Barely 1833 m high, the peak was in the center of climbing interest after making large ascents in the central ridge of Grintovci. Verbič, Iglič and Vončina were the first to try to climb this wall in 1930. The following year, the then most active climbers in Grintovci, Modec and Režek, were unsuccessful in the wall. Climbers from Ljubljana Režek, Miro and Janez Gregor, Župančič, Ogrin, Orel, Tarter persistently searched for possible passages in the central part of the wall at the top of the peak in the following years, but without success. The highest they could reach was less than a hundred meters up the wall.
Then the most ardent and persistent connection of the Rzeniški besiegers Modec - Režek entered the northern wall and on June 27, 1933, they successfully climbed it. This excellent ascent did not arouse a special response at that time, only later, when the period of competition between Ljubljana and Kamnik climbers began, the ascents in the Rzenik wall aroused the public interest.
On October 31, 1937, after a long tour, Kamnik climbers Bina Benkovič, Pavle Kemprle and Janez Presl climbed a new route in the extreme left part of the wall. The direction brought up quite a bit of tension between the rivals. Therefore, Benkovič and Kemprle persistently looked for the possibility of an ascent that would take place completely along the wall, and on 18 May 1939 they managed to draw a new line in the north-western wall, for which the Ljubljana climbers also acknowledged their masterful deed.
After the Second World War, a new generation of climbers appeared, but they found support in the experiences of hardened Rzenik climbers Kemprl and Režek. First, the Kamnik climbers Čebular - Čebulj - Štupar climbed the Central route in 1951, and two years later the connection Čebulj - Habjan crossed the northern wall. In 1956, Marko Dular and Ljubo Juvan ascended the Central Pillar and reestablished a "competitive balance". This was followed by repetitions of the already mentioned routes (many repetitions were carried out mainly in winter, because the period of sport categorization of mountaineering ascents brought good points). With the development of top rank mountaineering in Slovenia, many new directions were created. Climbing problems were solved by the most famous Slovenian alpinists: Franček Knez (Brown Belt), Pavle Kozjek, Silvo Karo, Janez Jeglič, Tomaž Humar, Marko Prezelj, etc. There were no human casualties in the wall, only a few falls and some minor injuries caused by falling rocks that did not require rescue. The crumbling nature of the wall and the lower interest of Slovenes in classical mountaineering have recently greatly reduced the interest in this wall, except from a few BASE jumpers jumping over the wall.
Falls of rocks
Despite the exposure of the walls and the strongly pronounced cracks at the edge of the wall, history does not record events in the wall. All that is known is that long ago, individual sheep fell from the edge of the wall onto the gravel beneath it, and the shepherds found nothing there but just a remnant of wool.

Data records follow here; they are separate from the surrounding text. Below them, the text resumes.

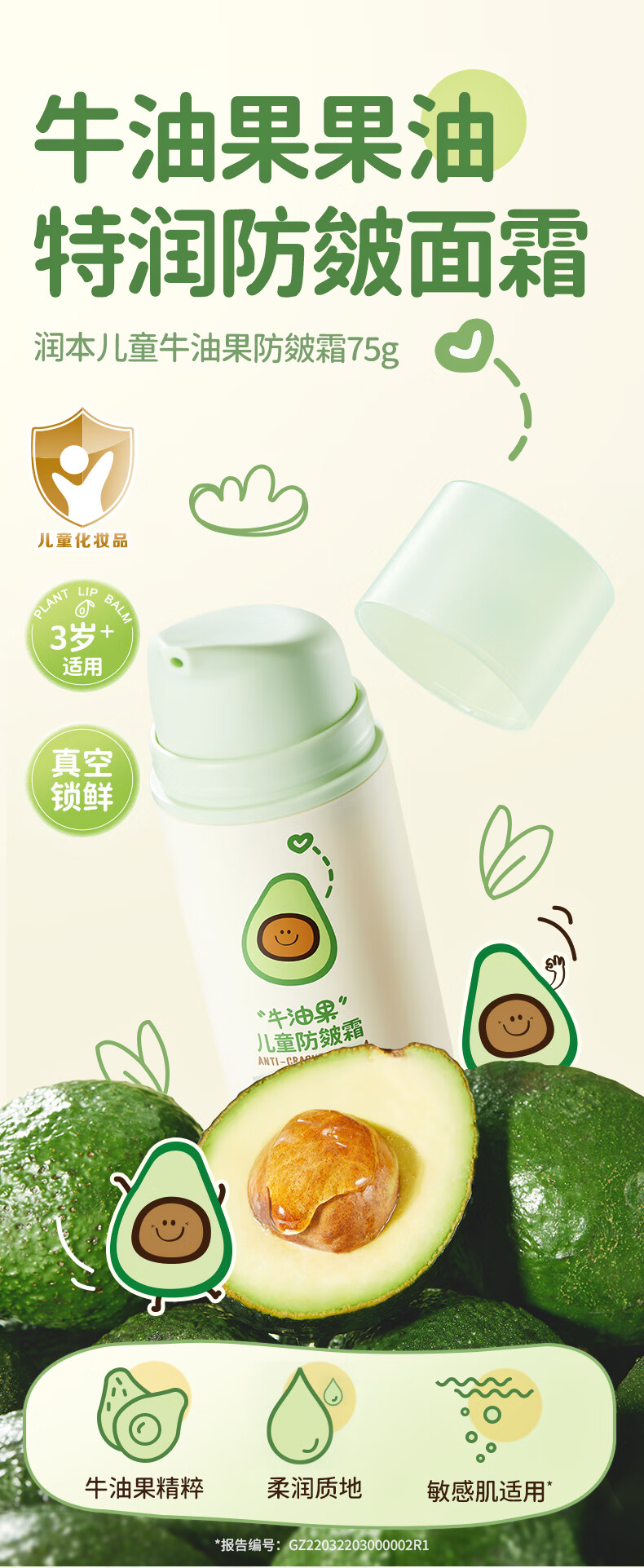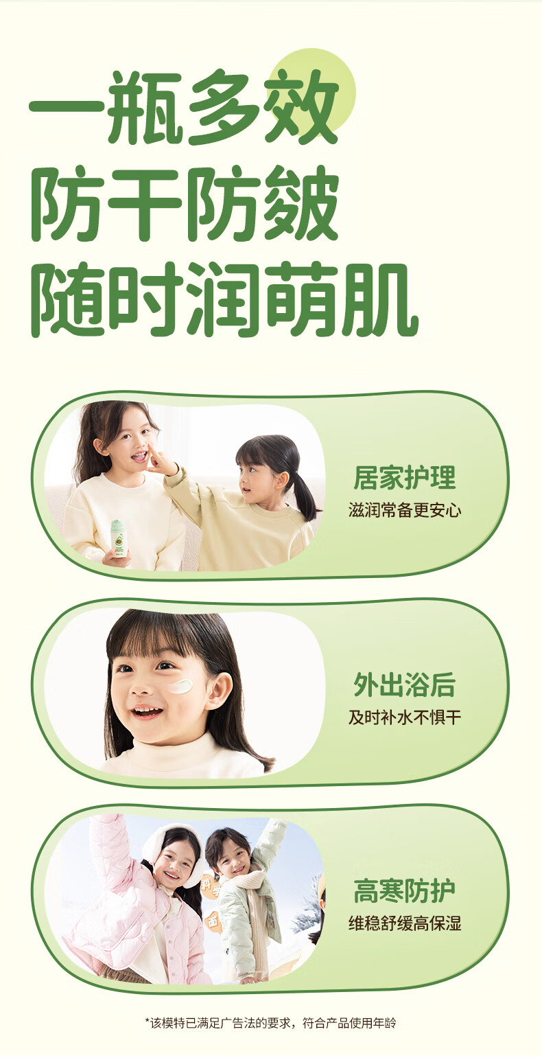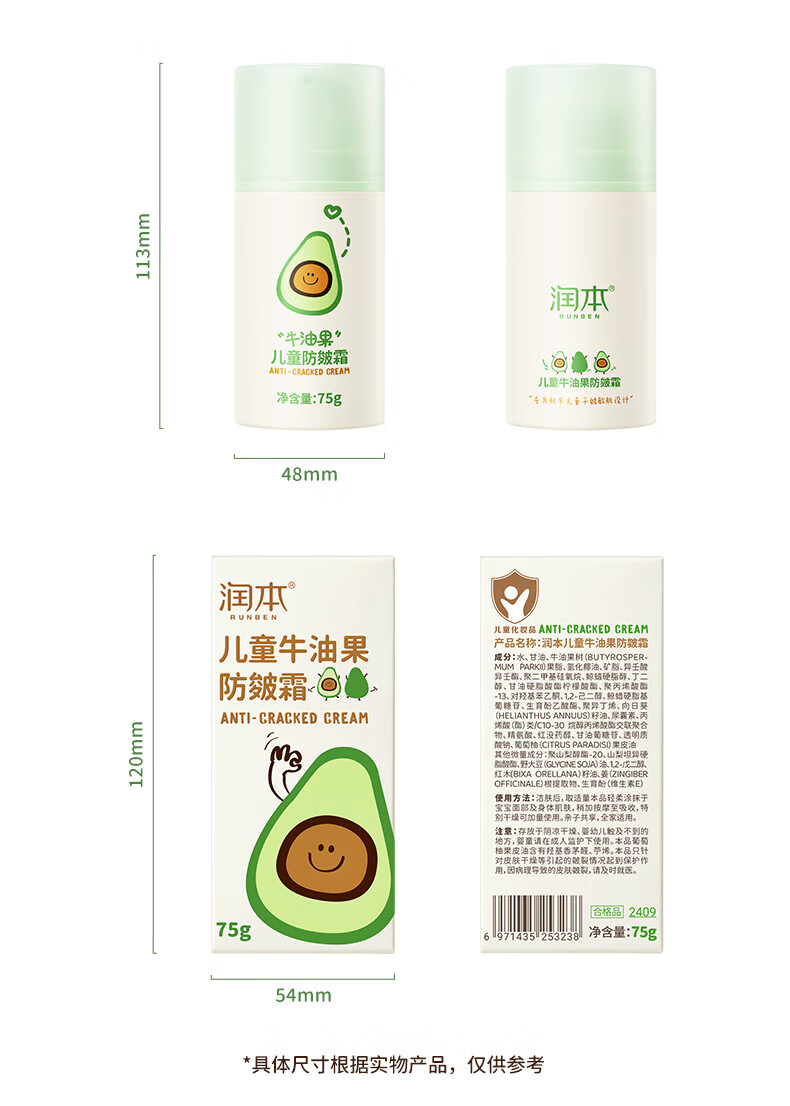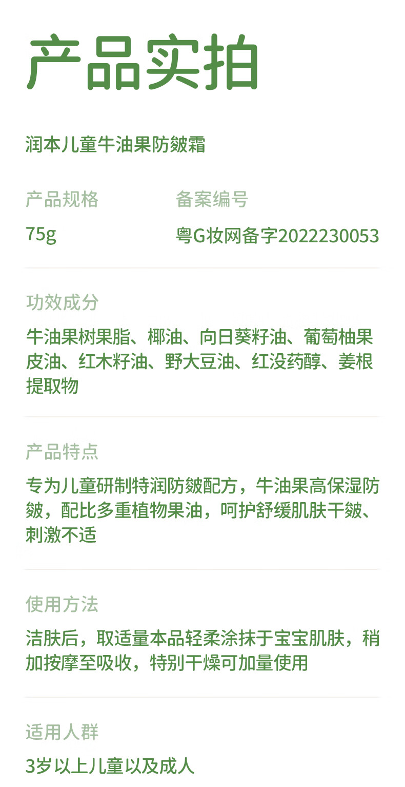 润本(RUNBEN)牛油果防皴裂面霜儿童秋冬宝宝滋润补水保湿乳婴儿擦脸防冻润肤霜 儿童款 50g 2瓶 【多娃家庭】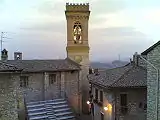 La piazza principale del paese, con il campanile della Chiesa di Santa Maria Assunta.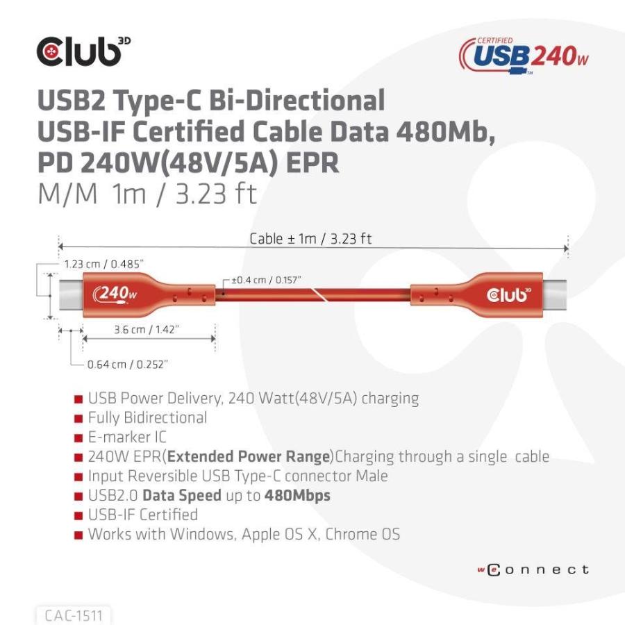 Club3D Kabel USB-C, PD 240W(48V/5A) EPR M/M 1m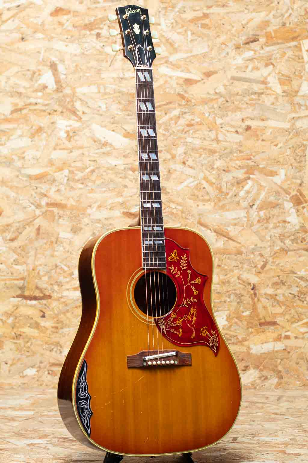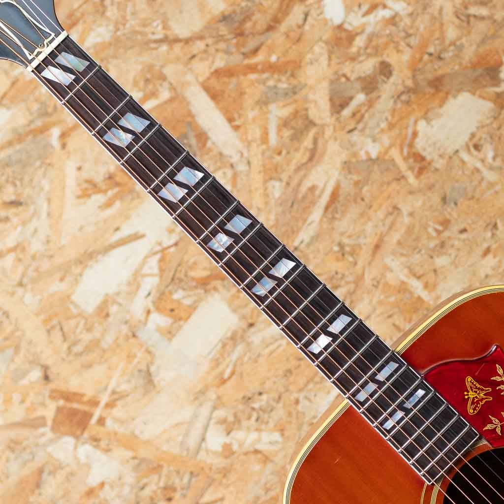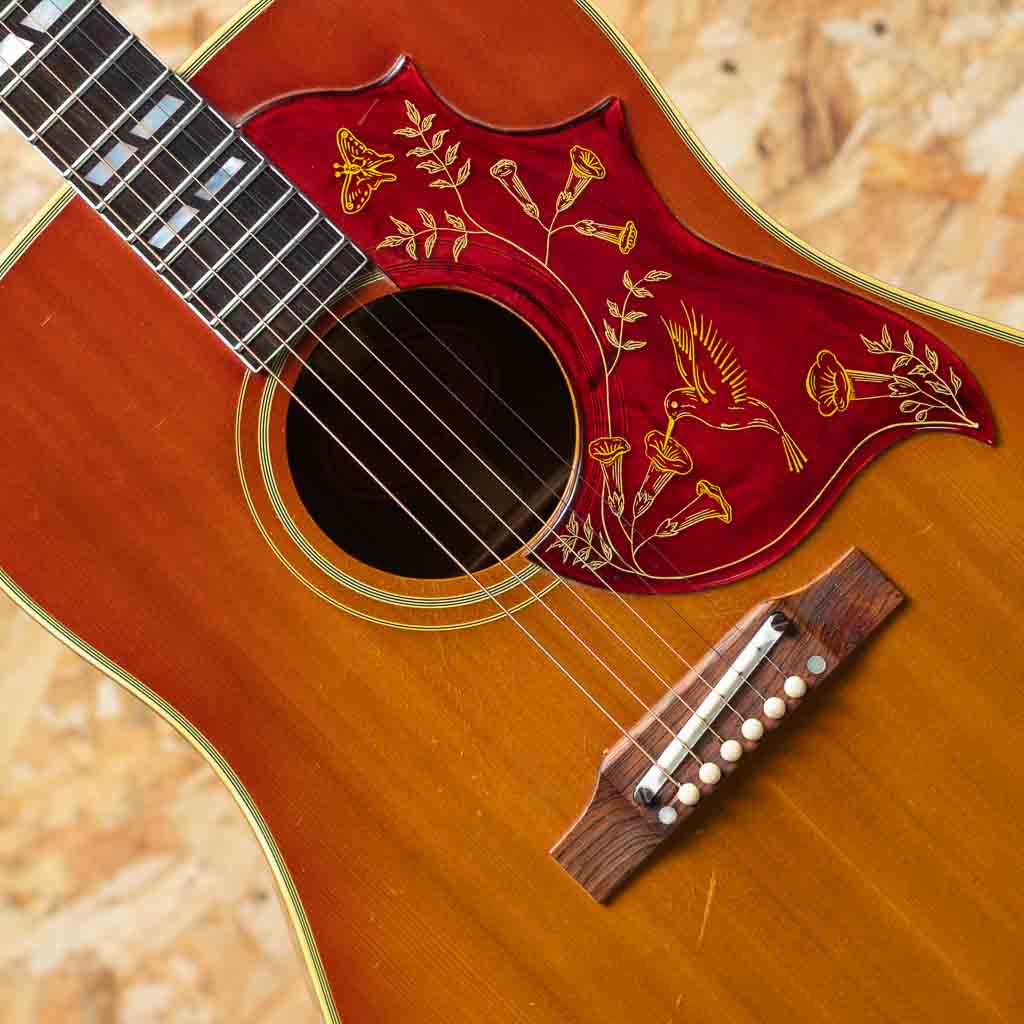 1960年の発売以来、ギブソンスクエアショルダーボディの定番モデルとして人気を博しているハミングバード。ボディカラー、ハチドリを象ったピックガードを始め、個性溢れる外観とオールラウンドなサウンドキャラクターを兼ね備えています。本器は1965年製の1本。1965年はレギュラーグリップからナローネックに17度ヘッドアングルから14度ヘッドアングルに変更された過渡期。こちらはレギュラーネック、17度ヘッド角、フルスケール仕様です。スプルーストップ、マホガニーサイド&バック、ハカランダ指板&ブリッジ、オリジナルピックガード、ダブルパラレログラム指板インレイ、クルーソンゴールドペグ、ノンスキャロップブレイシング。フルスケール仕様も相まって、かき鳴らすと歯切れがよく気持ちの良いパーカッシブなサウンドが感じられます。胴鳴りもよくガシガシと弾いていたい1本です。ボディ左下付近に似たような柄のピックガードが取り付けられております。こちらの部分に割れの修理が行われており、裏側から補強もされております。リフレット済みでプレイコンディションも良好。ピックガードの模様もきれいに残っており、その他全体的にもきれいな状態が保たれております。色味の風合いも良く見て弾いて楽しんで頂ける1本。ハードケース付属です。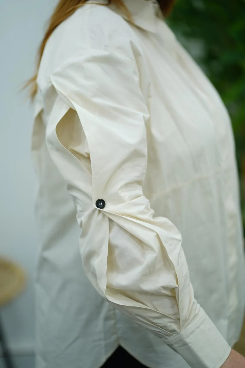 Adoptez un look chic et décontracté avec cette chemise en popeline au blanc cassé. Sa coupe droite et fluide, accompagnée de manches longues légèrement froncées, apporte une touche d’originalité tout en gardant une allure sobre et élégante. Fermeture boutonnée dissimulée pour une finition épurée, et col classique structuré.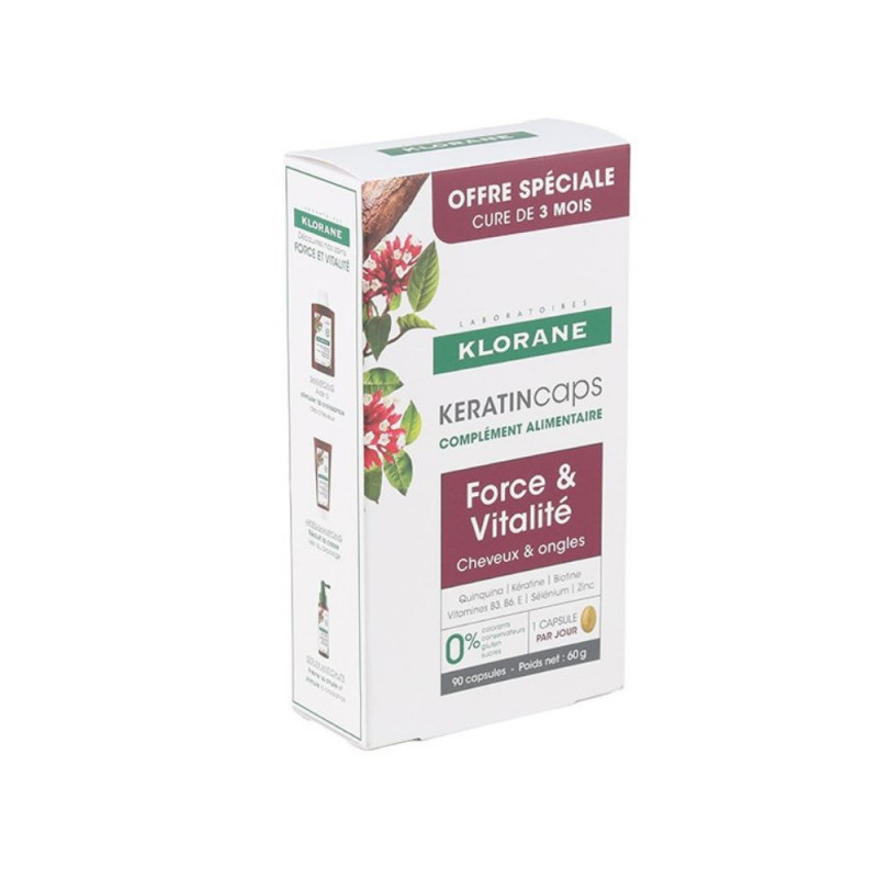 Klorane KeratinCaps Force et Vitalité capsules est un complément alimentaire pour les cheveux et les ongles associant quinquina + kératine.

In 2014, a landslide was observed in the central part of the wall. On February 26, 2021, during a period of heavy warming (previously heavy rain and then severe cold), a huge part of the northern wall in the north-eastern area collapsed - especially Jakov route (first climbed on September 4, 1971 by Berto Ribič, Tone Trobevšek and Janez Uršič - Jak). There were millions of cubic meters of rocks, but due to the uninhabited places, thankfully did not cause any casualties.